* [WHAT YOU SHOULD DO] Beginning with the line that has "Erkek Baggy Yandan" and ending with the line that has "Stainless Steel Antiqued", retype the entries below exactly, except for the pictures.

----

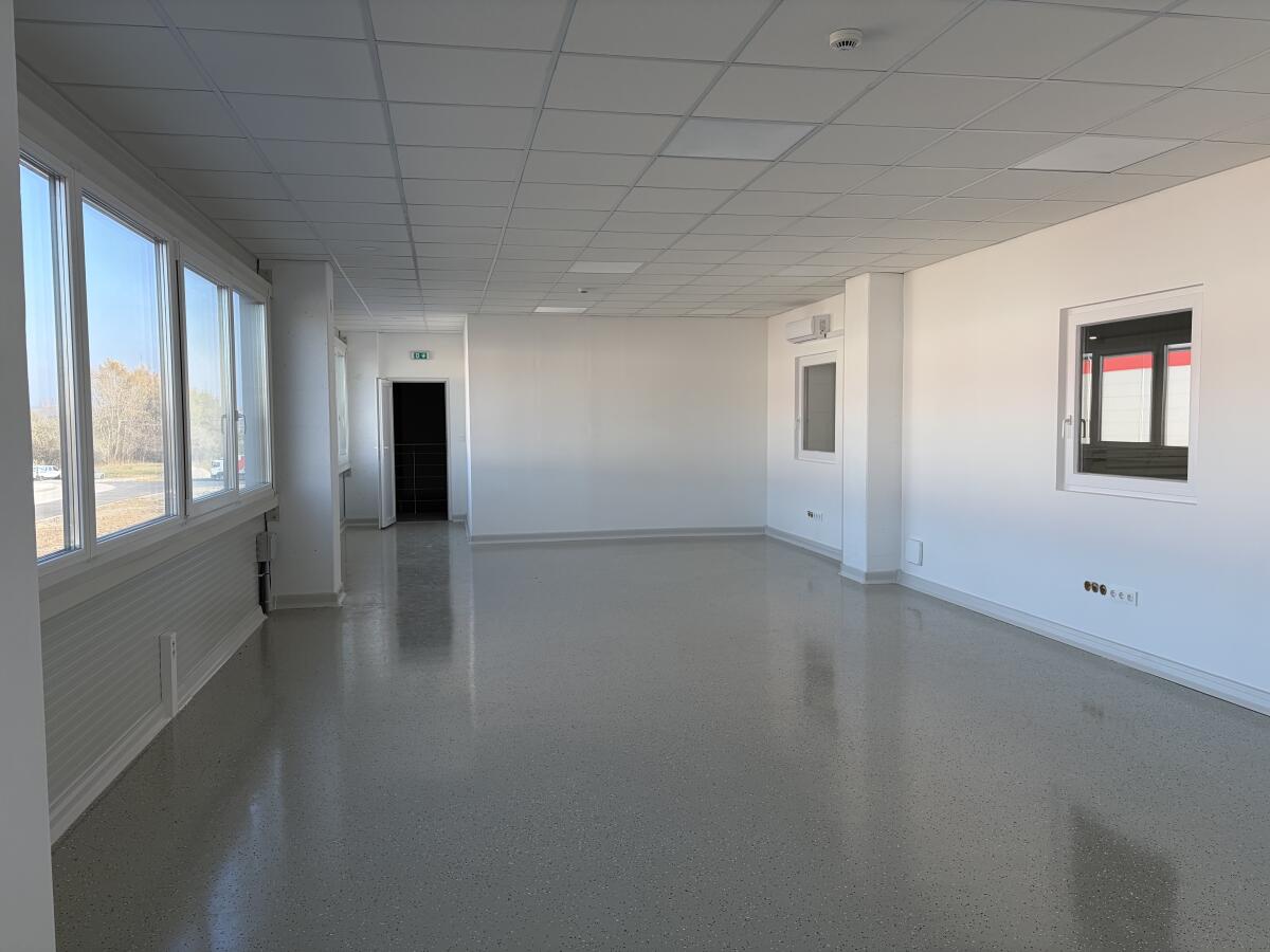 A nagyobb alapterületű csarnokrészben helyezkedik el az emeleti iroda, mely egy konyhából, nagyobb iroda helyiségből, tárgyalóból, és egy mosdóblokkból áll. A csarnokrészhez szintén tartozik egy – a személygépjármű parkolóból megközelíthető – személybejárat, továbbá 4 db szintbeli kapu és 4 db dokkoló. A délnyugati oldalon a homlokzati falhoz kapcsolódva elhelyezkedik 2 mosdó blokk, melyekben 1-1 mosdó előtér és 2-2 wc helyiség található.
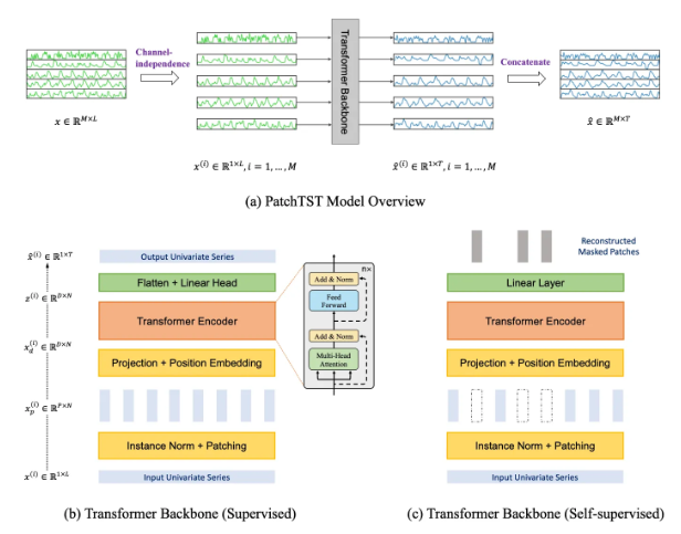 입력은 M개의 단일 변수 시계열 로 분리되며, 각각의 시계열이 transformer backbone(Encoder)으로 독립적으로 전달됨
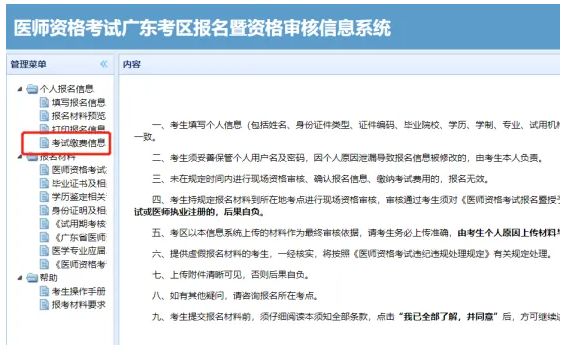一、考生登錄“醫(yī)師資格考試廣東考區(qū)報(bào)名暨資格審核信息系統(tǒng)” (https://jy.gdwsrc.net/),點(diǎn)擊“考試?yán)U費(fèi)信息”查看需繳費(fèi)信息。
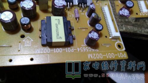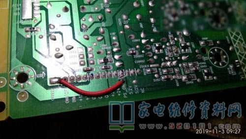 根据这个结果判断主板故障。本打算更换一块主板。但是手上又没有现货。顾客又等着。突发奇想。能不能把on/off端口连在pson端。用背光开启电压来控制背光电源(pson电压控制Q9401开起。进一步控制IC9101工作)。抱着试一试的办法。切断pson端。用一根短线连接到on/off。试机结果一切正常。接上图像发现亮度也没有任何影响。
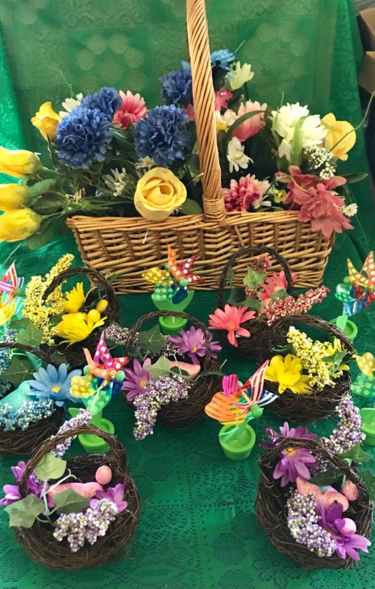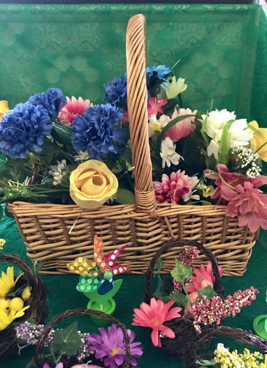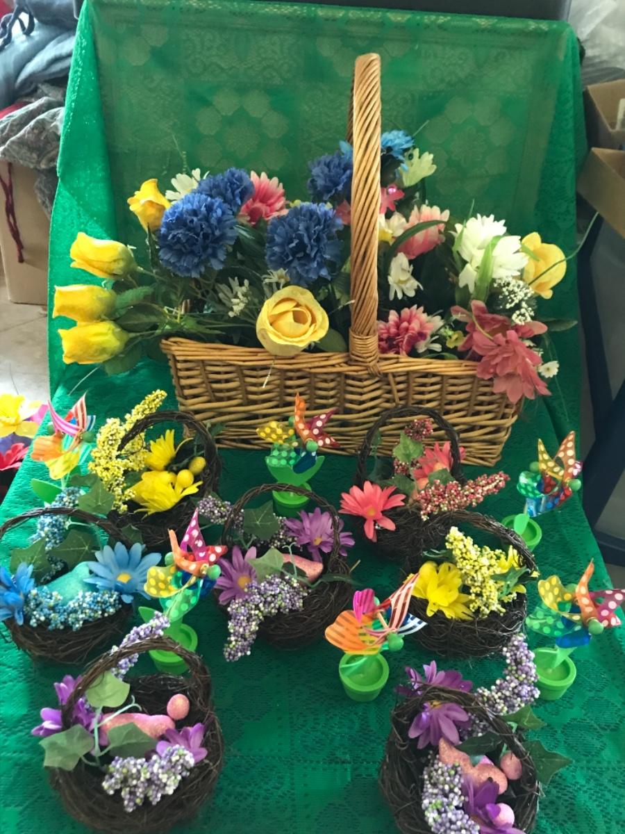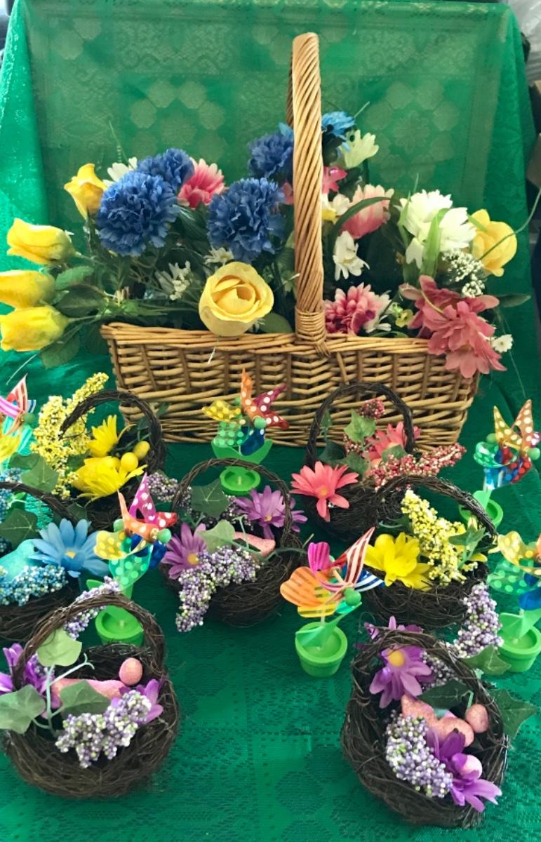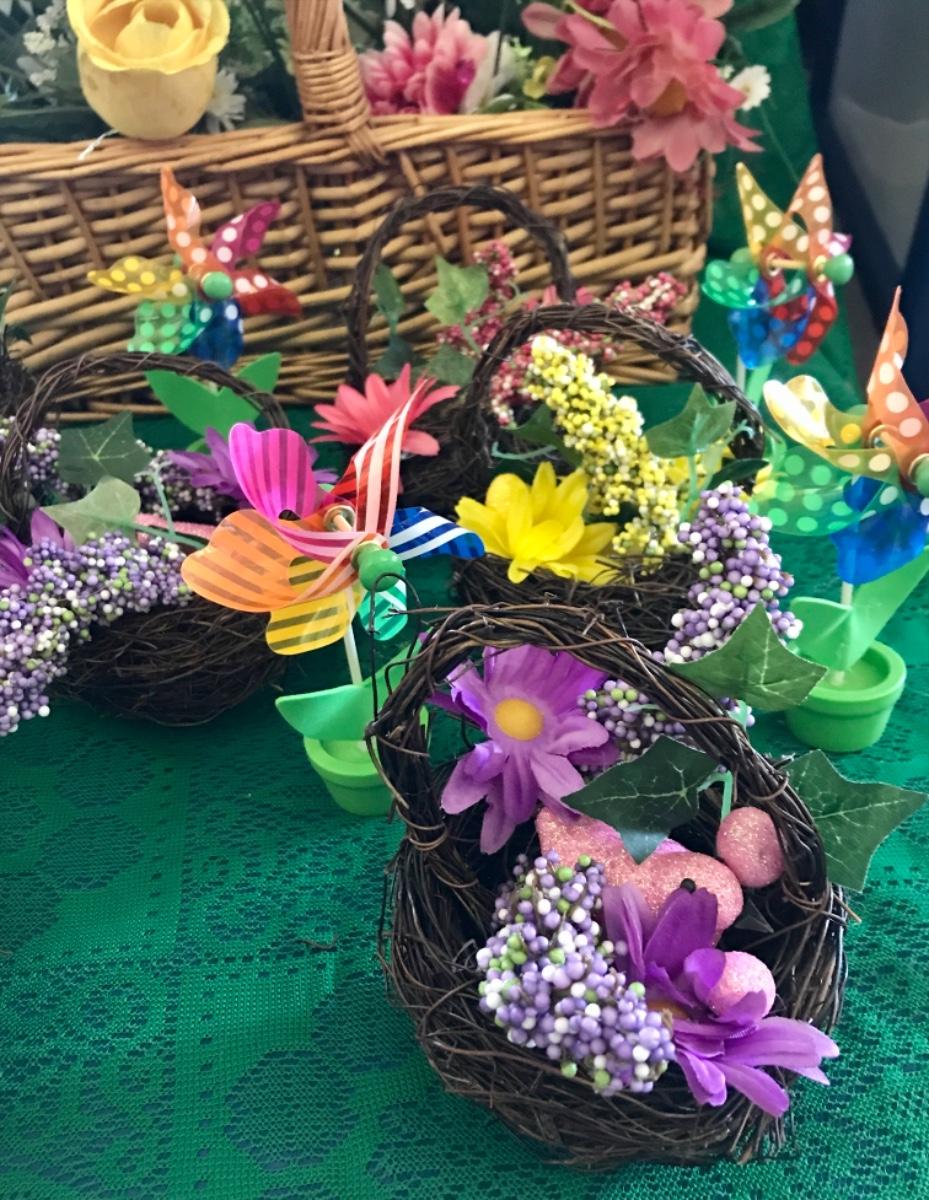 Spring Floral Table Decor Lot: baskets, flowers, pinwheels, etc
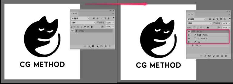 - 元のレイヤー構造を保持したまま、グループで展開される
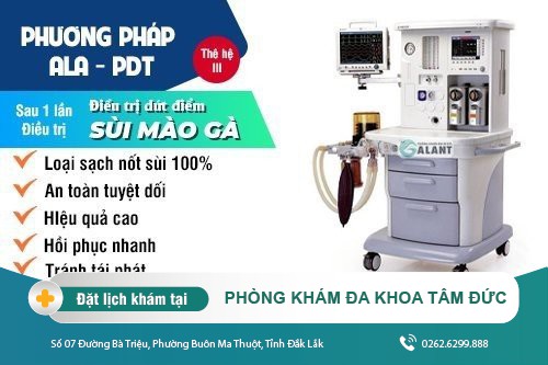 – Quang động lực ALA-PDT là một phương pháp tiên tiến để điều trị sùi mào gà ở hậu môn đang được sửa dụng tại Phòng Khám Đa khoa Tâm Đức (Số 07 Đường Bà Triệu, Phường Buôn Ma Thuột, Tỉnh Đắk Lắk). Khác với những phương pháp truyền thống, phương pháp này có thể khắc phục hoàn toàn những nhược điểm mà các phương pháp truyền thống để lại.
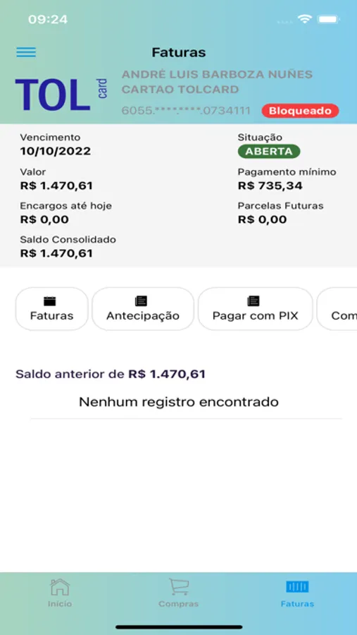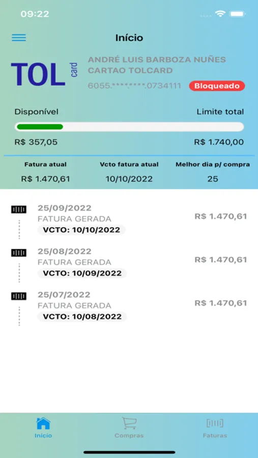 Com o app Tolcard é possível consultar limites disponíveis, compras, fatura e acessar o código de barras para pagamento, entre outras funcionalidades.
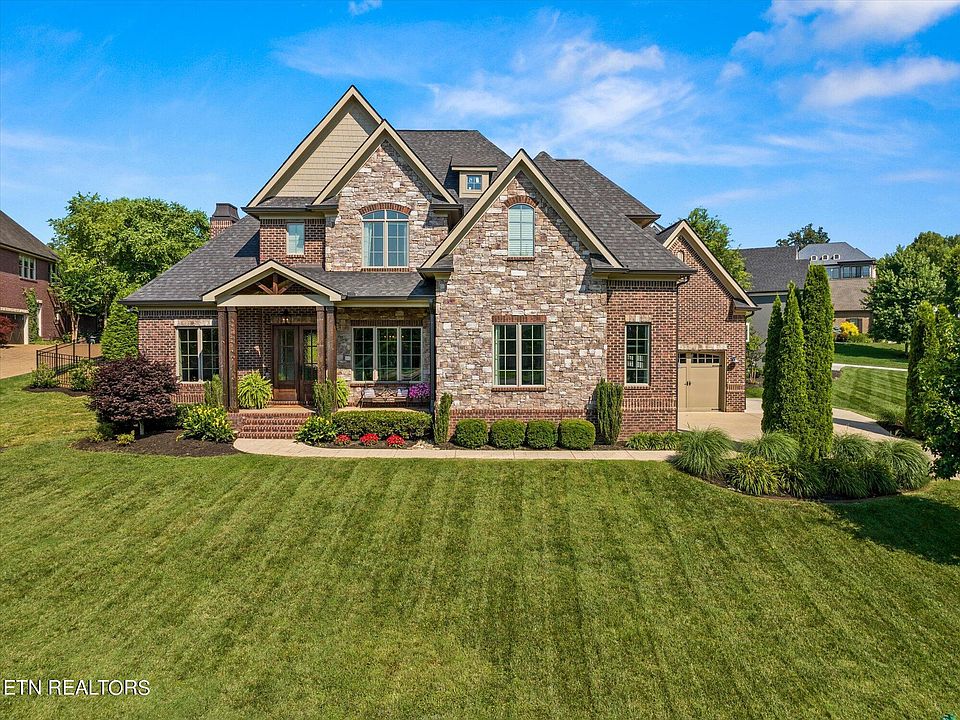 Impressive brick and stone house in a park setting of The Farm at Willow Creek Subdivision in Farragut. This spectacular Stephen Davis design house has it all: Stateful curb appeal on a corner lot with stone and brick front porch and double front doors. The main floor welcomes you with an open floor plan, 10 and 12-foot ceilings, 8ft tall doors, and a wall of glass on the back bringing lots of natural light. Kitchen is open to the living room and breakfast area with a work island, lots of countertop space, and a dry bar.
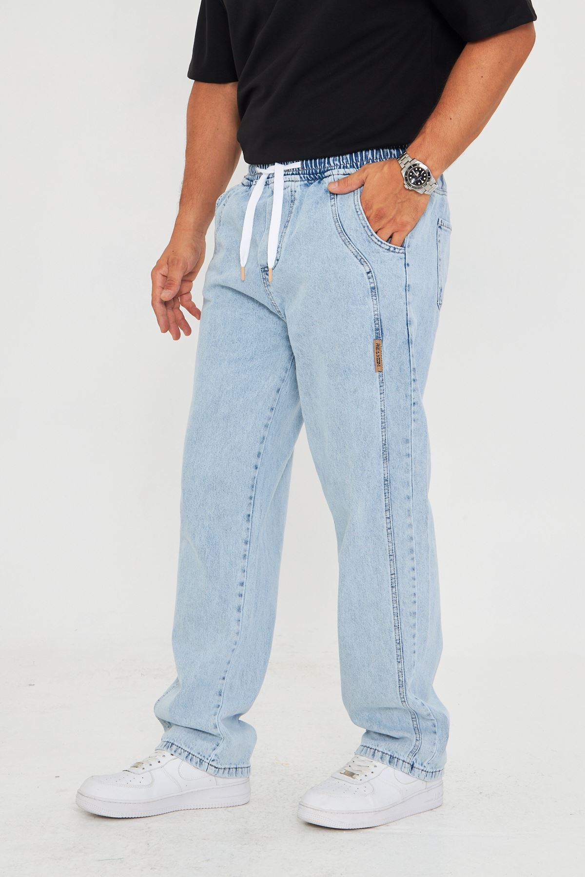 Erkek Baggy Yandan Parçalı Etiket Detaylı Düz Kot Pantolon 707
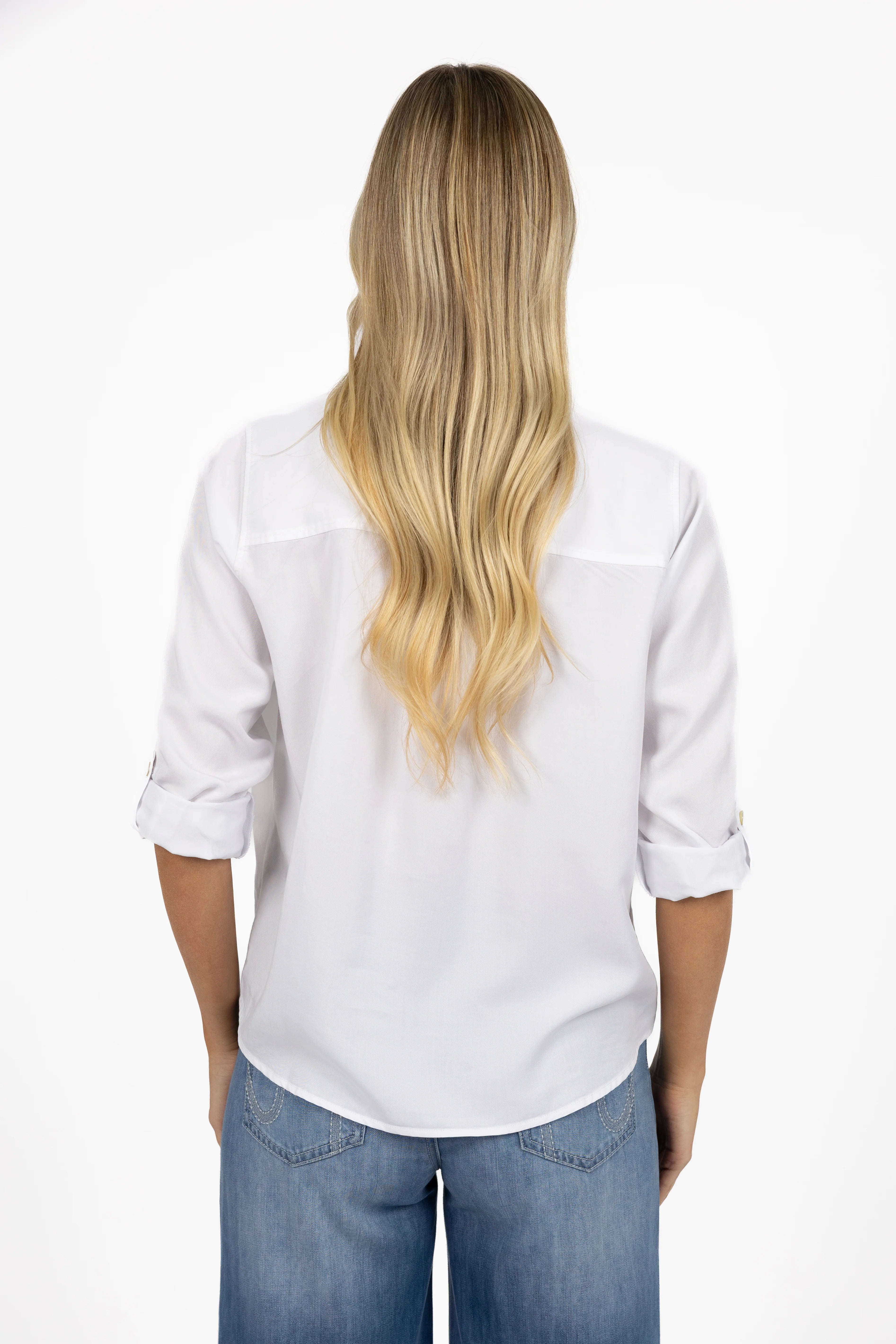 Featuring a collared V-neckline, shell button details, and a front patch pocket, the Leni Shirt combines relaxed tailoring with subtle sophistication. Its straight, roomy fit and curved hemline offer easy movement and a flattering drape, while the full-length sleeves with split and button cuffs allow you to roll them up or wear them down for versatile styling.
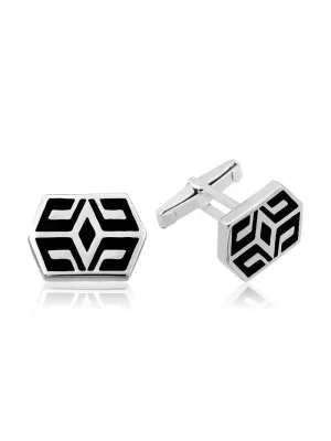 Gümüş Siyah Zeminli Desenli Oval Kol Düğmesi
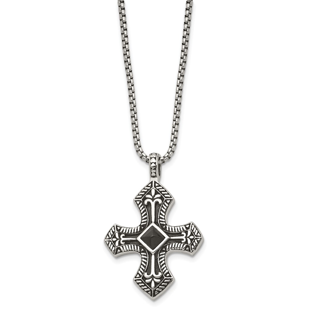 Stainless Steel Antiqued and Brushed w/Black Agate Cross 24in Necklace
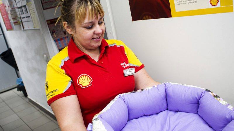 Для Жужи на станции создали все условия: купили мягкий лежак, теплый комбинезон на зиму, даже ботиночки приготовили. Причем все вещи забрендировали фирменным логотипом Shell. Поэтому можно сказать, что Жужа стала полноценным сотрудником заправочной станции при полном обмундировании.

----

* [TASK RESPONSE]
 Erkek Baggy Yandan Parçalı Etiket Detaylı Düz Kot Pantolon 707
 Featuring a collared V-neckline, shell button details, and a front patch pocket, the Leni Shirt combines relaxed tailoring with subtle sophistication. Its straight, roomy fit and curved hemline offer easy movement and a flattering drape, while the full-length sleeves with split and button cuffs allow you to roll them up or wear them down for versatile styling.
 Gümüş Siyah Zeminli Desenli Oval Kol Düğmesi
 Stainless Steel Antiqued and Brushed w/Black Agate Cross 24in Necklace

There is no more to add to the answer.